Black Knight found that 3% of homes mortgaged in 2021 have less than 10% equity, which was a byproduct of the historic home price growth over the year.

“The greatest equity challenges face those mortgage holders who purchased their homes between May and July of this year,” Walden said. “Nearly 10% of these folks are already at least marginally underwater and more than 30% have less than 10% equity.”

But whether home price growth will in fact be negative by the end of next year is still an open question. While annual price depreciation is expected by next spring, values are expected to grow 4.1% on a year-over-year basis by October 2023, CoreLogic predicted.

However, some areas will fare worse than most of the nation, the Redfin analysis found. Sacramento, California will fare the worst with a 4% price drop, which would leave 9% of homeowners underwater.

The typical Sacramento home bought in the last two years would lose roughly $17,000 in value with a 4% price decline next year. The other metros that would lose value at that size of a drop are all tech towns, the Bay Area trio of San Francisco, San Jose and Oakland, along with Seattle.
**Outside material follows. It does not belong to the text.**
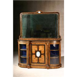 Victorian Ormolu and Light Blue Jasperware Mounted Parcel Gilt and Inlaid Burlwood Side Cabinet and Mirror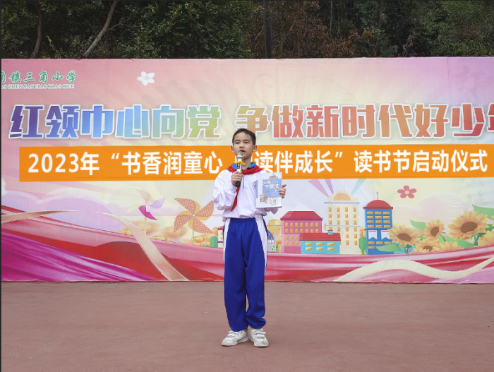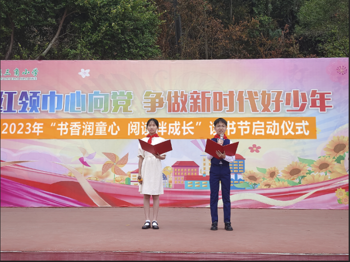 啟動(dòng)儀式第二項(xiàng),由三角小學(xué)副校長(zhǎng)黃麗娟宣讀《三角鎮(zhèn)三角小學(xué)2023年“書香潤(rùn)童心,閱讀伴成長(zhǎng)”讀書節(jié)活動(dòng)方案》。黃副校長(zhǎng)向全體同學(xué)發(fā)出倡議,號(hào)召同學(xué)們積極參加讀書節(jié)的各項(xiàng)活動(dòng),將知識(shí)運(yùn)用到學(xué)習(xí)及生活當(dāng)中,努力做到知行合一。

On a percentage basis, after Sacramento is Phoenix, 7.3%; Virginia Beach, Virginia, 7.3%; Oakland, 6.6%; and Seattle 6.4%.

Virginia Beach situation is unique because many area borrowers obtain 0% down Veterans Affairs mortgages and thus are purchasing a house holding no equity.

On the other hand, the South Florida cities of Miami, Fort Lauderdale and West Palm Beach would have between 0.2% and 0.3% of local homeowners underwater if prices dropped 4%.

“Recent homebuyers in parts of Florida are sitting pretty because home prices there have risen even more dramatically than they have in the rest of the country and they haven’t come close to falling,” Bokhari said. “Values in Florida are resilient because there’s still a fair amount of demand from remote workers and retirees who are relocating from more expensive areas.”